■ TO DO ■
The listing below is to be given again in full and word for word, without its images.

■ INPUT DATA ■
=-=-=-=-=

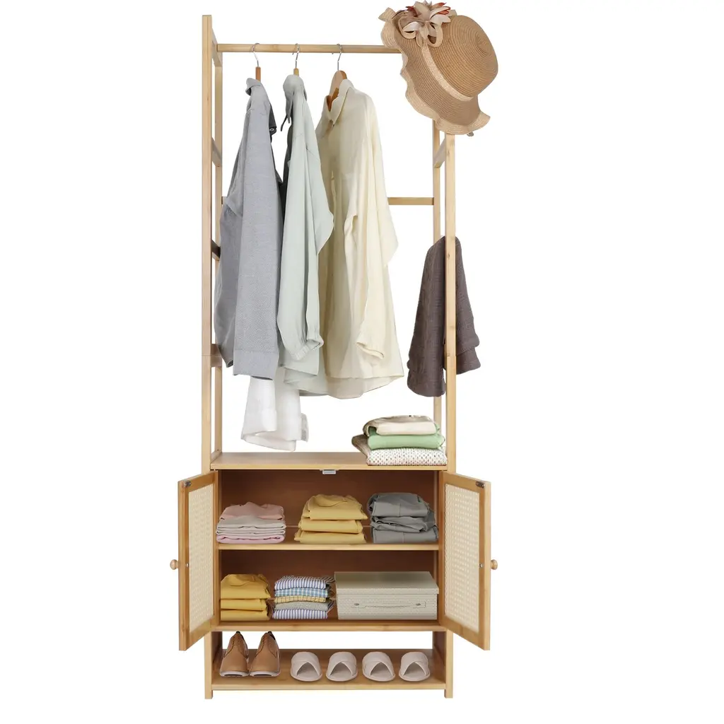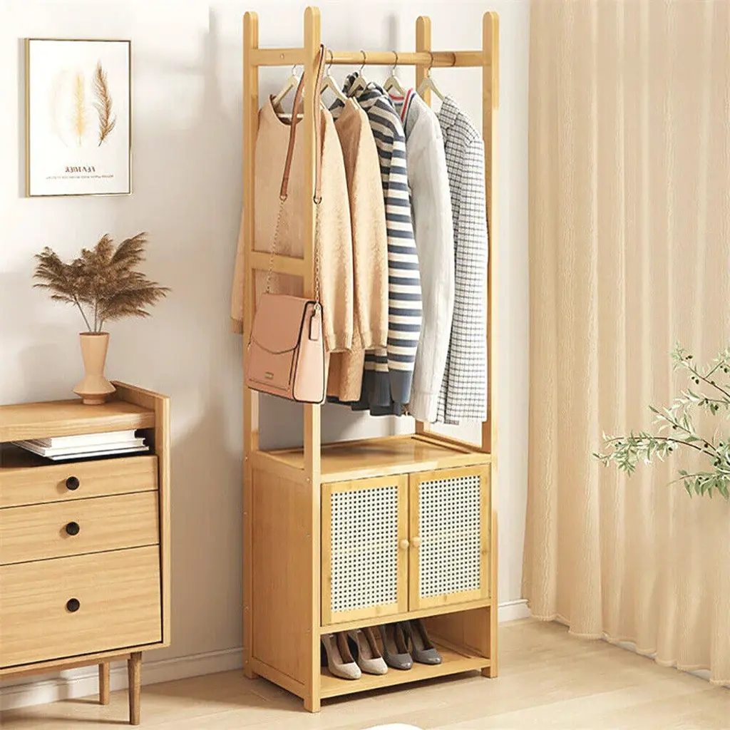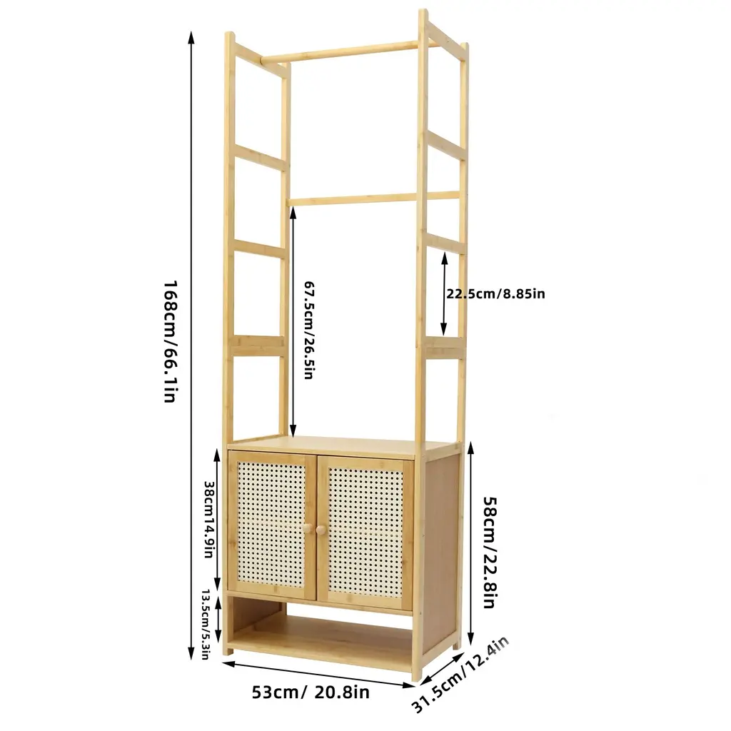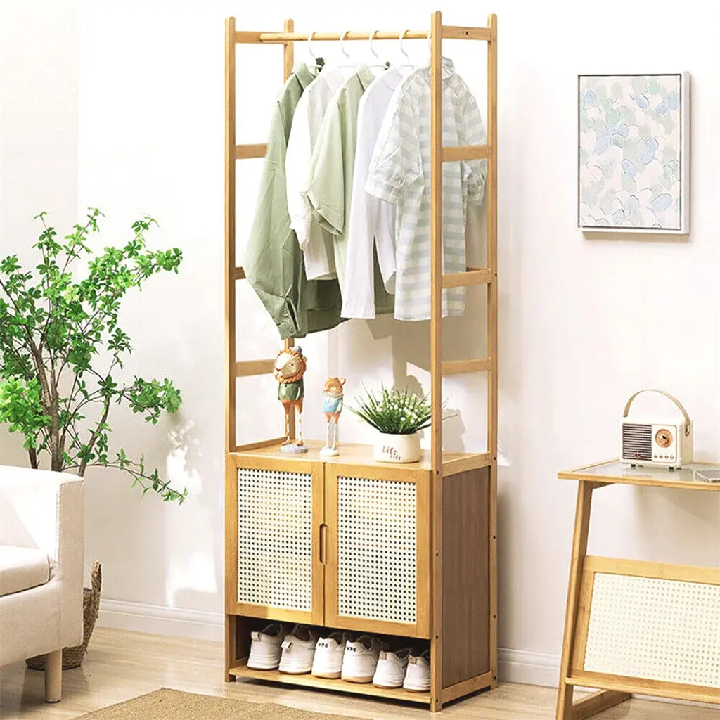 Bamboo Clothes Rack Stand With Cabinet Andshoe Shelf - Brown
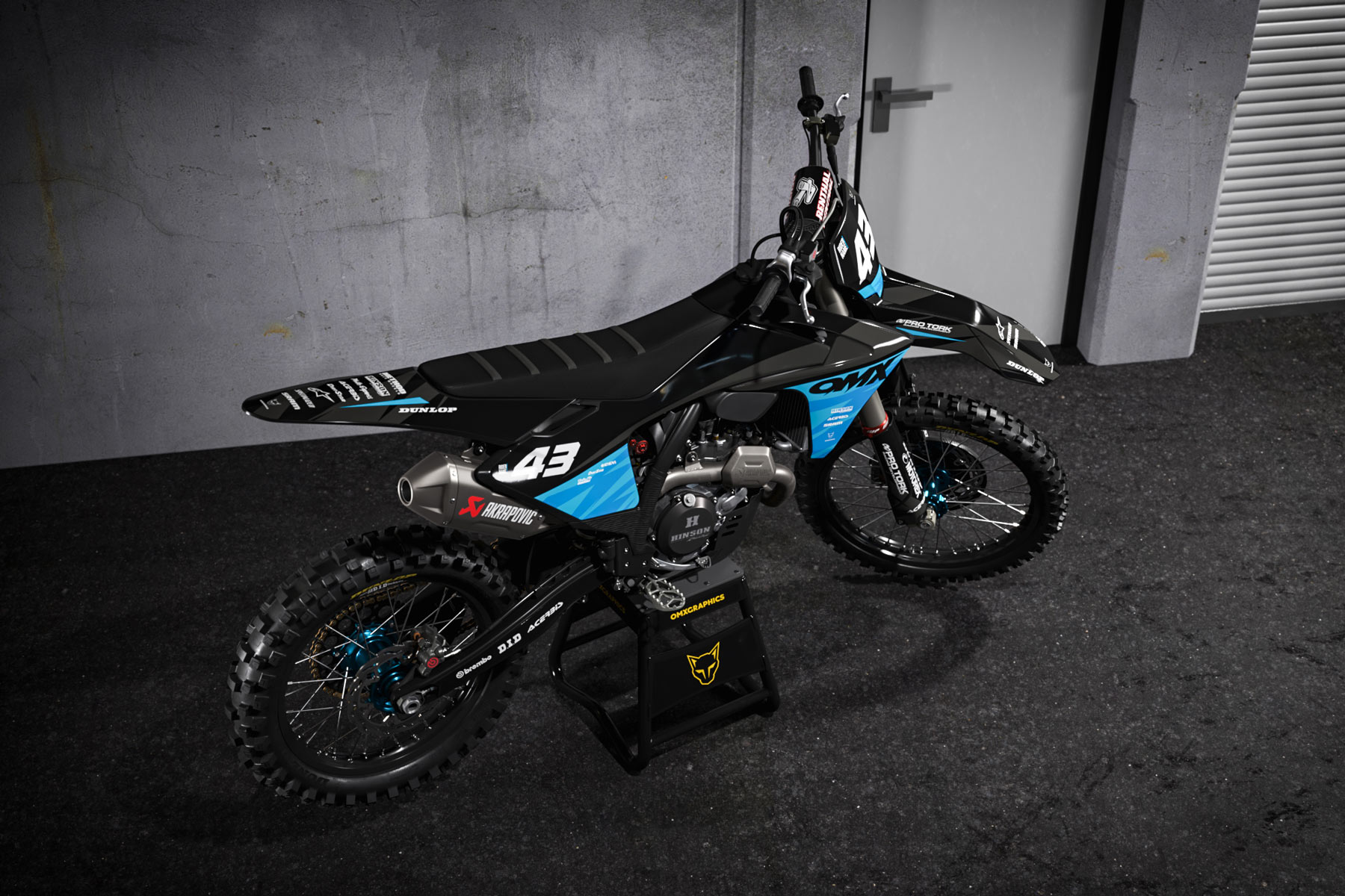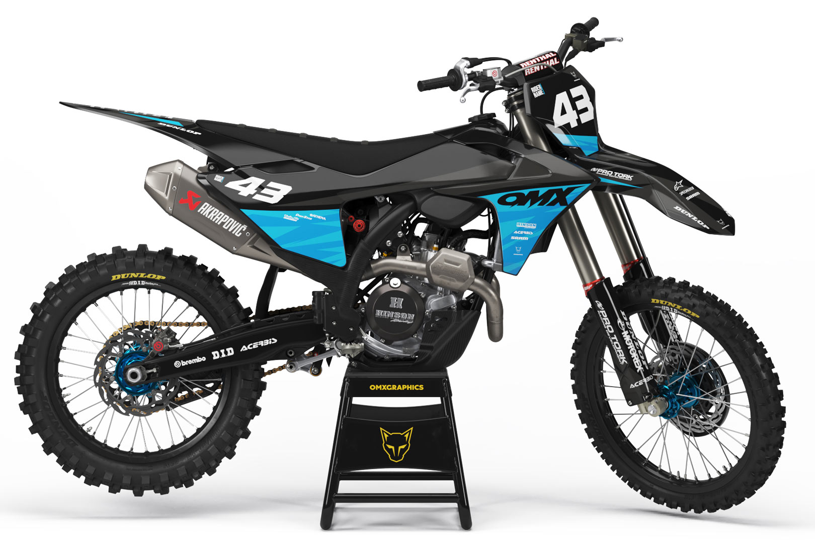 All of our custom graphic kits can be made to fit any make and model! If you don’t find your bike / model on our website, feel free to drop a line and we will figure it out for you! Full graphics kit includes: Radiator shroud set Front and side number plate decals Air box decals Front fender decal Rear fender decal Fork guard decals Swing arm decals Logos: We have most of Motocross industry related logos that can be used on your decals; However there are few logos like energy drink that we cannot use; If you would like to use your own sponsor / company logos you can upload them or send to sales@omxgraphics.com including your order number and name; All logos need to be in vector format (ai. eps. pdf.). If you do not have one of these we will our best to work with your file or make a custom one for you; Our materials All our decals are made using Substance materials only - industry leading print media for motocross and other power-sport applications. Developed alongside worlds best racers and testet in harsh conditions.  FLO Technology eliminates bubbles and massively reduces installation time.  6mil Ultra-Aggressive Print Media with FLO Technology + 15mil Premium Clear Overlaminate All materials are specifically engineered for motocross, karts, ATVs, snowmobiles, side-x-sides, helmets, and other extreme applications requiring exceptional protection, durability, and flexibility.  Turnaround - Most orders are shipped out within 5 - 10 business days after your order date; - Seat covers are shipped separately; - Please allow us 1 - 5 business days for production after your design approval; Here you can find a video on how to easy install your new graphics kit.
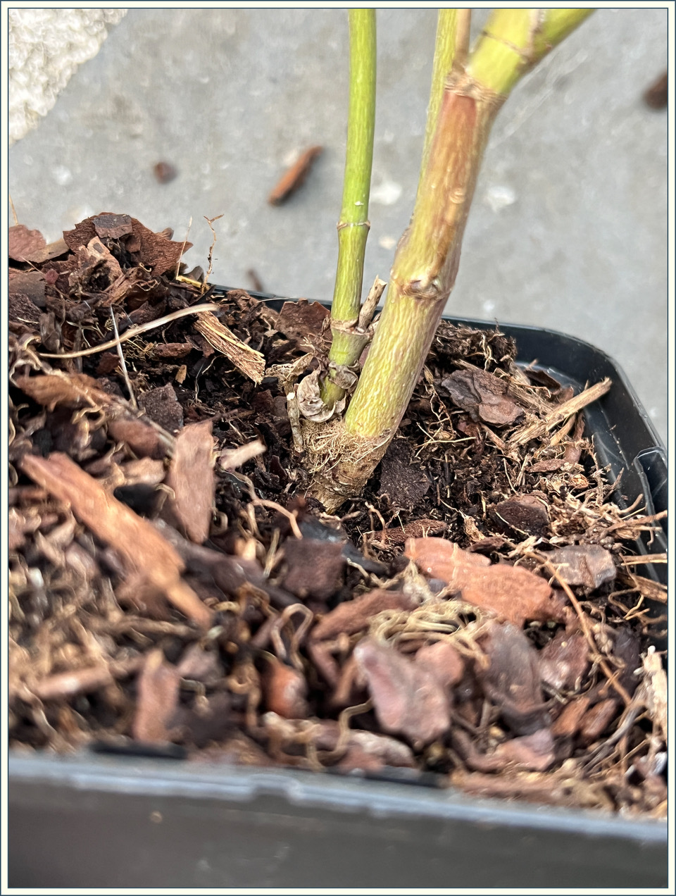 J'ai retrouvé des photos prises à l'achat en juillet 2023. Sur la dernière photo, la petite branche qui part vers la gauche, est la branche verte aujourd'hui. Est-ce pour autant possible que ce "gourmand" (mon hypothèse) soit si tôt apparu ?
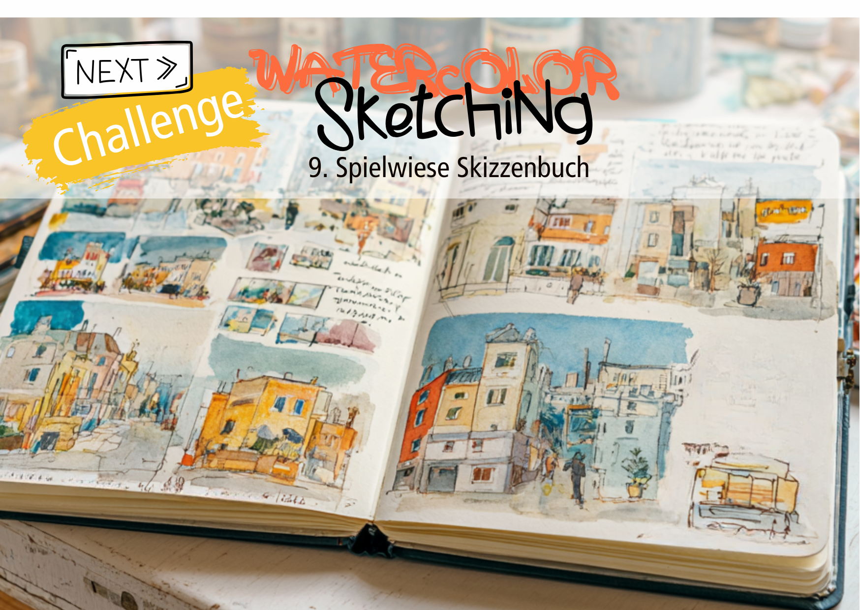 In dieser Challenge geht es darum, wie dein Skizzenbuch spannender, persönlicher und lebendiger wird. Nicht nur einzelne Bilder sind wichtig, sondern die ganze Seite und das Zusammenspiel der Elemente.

=-=-=-=-=

■ WRITTEN RESPONSE ■
 Bamboo Clothes Rack Stand With Cabinet Andshoe Shelf - Brown
 All of our custom graphic kits can be made to fit any make and model! If you don’t find your bike / model on our website, feel free to drop a line and we will figure it out for you! Full graphics kit includes: Radiator shroud set Front and side number plate decals Air box decals Front fender decal Rear fender decal Fork guard decals Swing arm decals Logos: We have most of Motocross industry related logos that can be used on your decals; However there are few logos like energy drink that we cannot use; If you would like to use your own sponsor / company logos you can upload them or send to sales@omxgraphics.com including your order number and name; All logos need to be in vector format (ai. eps. pdf.). If you do not have one of these we will our best to work with your file or make a custom one for you; Our materials All our decals are made using Substance materials only - industry leading print media for motocross and other power-sport applications. Developed alongside worlds best racers and testet in harsh conditions.  FLO Technology eliminates bubbles and massively reduces installation time.  6mil Ultra-Aggressive Print Media with FLO Technology + 15mil Premium Clear Overlaminate All materials are specifically engineered for motocross, karts, ATVs, snowmobiles, side-x-sides, helmets, and other extreme applications requiring exceptional protection, durability, and flexibility.  Turnaround - Most orders are shipped out within 5 - 10 business days after your order date; - Seat covers are shipped separately; - Please allow us 1 - 5 business days for production after your design approval; Here you can find a video on how to easy install your new graphics kit.
 J'ai retrouvé des photos prises à l'achat en juillet 2023. Sur la dernière photo, la petite branche qui part vers la gauche, est la branche verte aujourd'hui. Est-ce pour autant possible que ce "gourmand" (mon hypothèse) soit si tôt apparu ?
 In dieser Challenge geht es darum, wie dein Skizzenbuch spannender, persönlicher und lebendiger wird. Nicht nur einzelne Bilder sind wichtig, sondern die ganze Seite und das Zusammenspiel der Elemente.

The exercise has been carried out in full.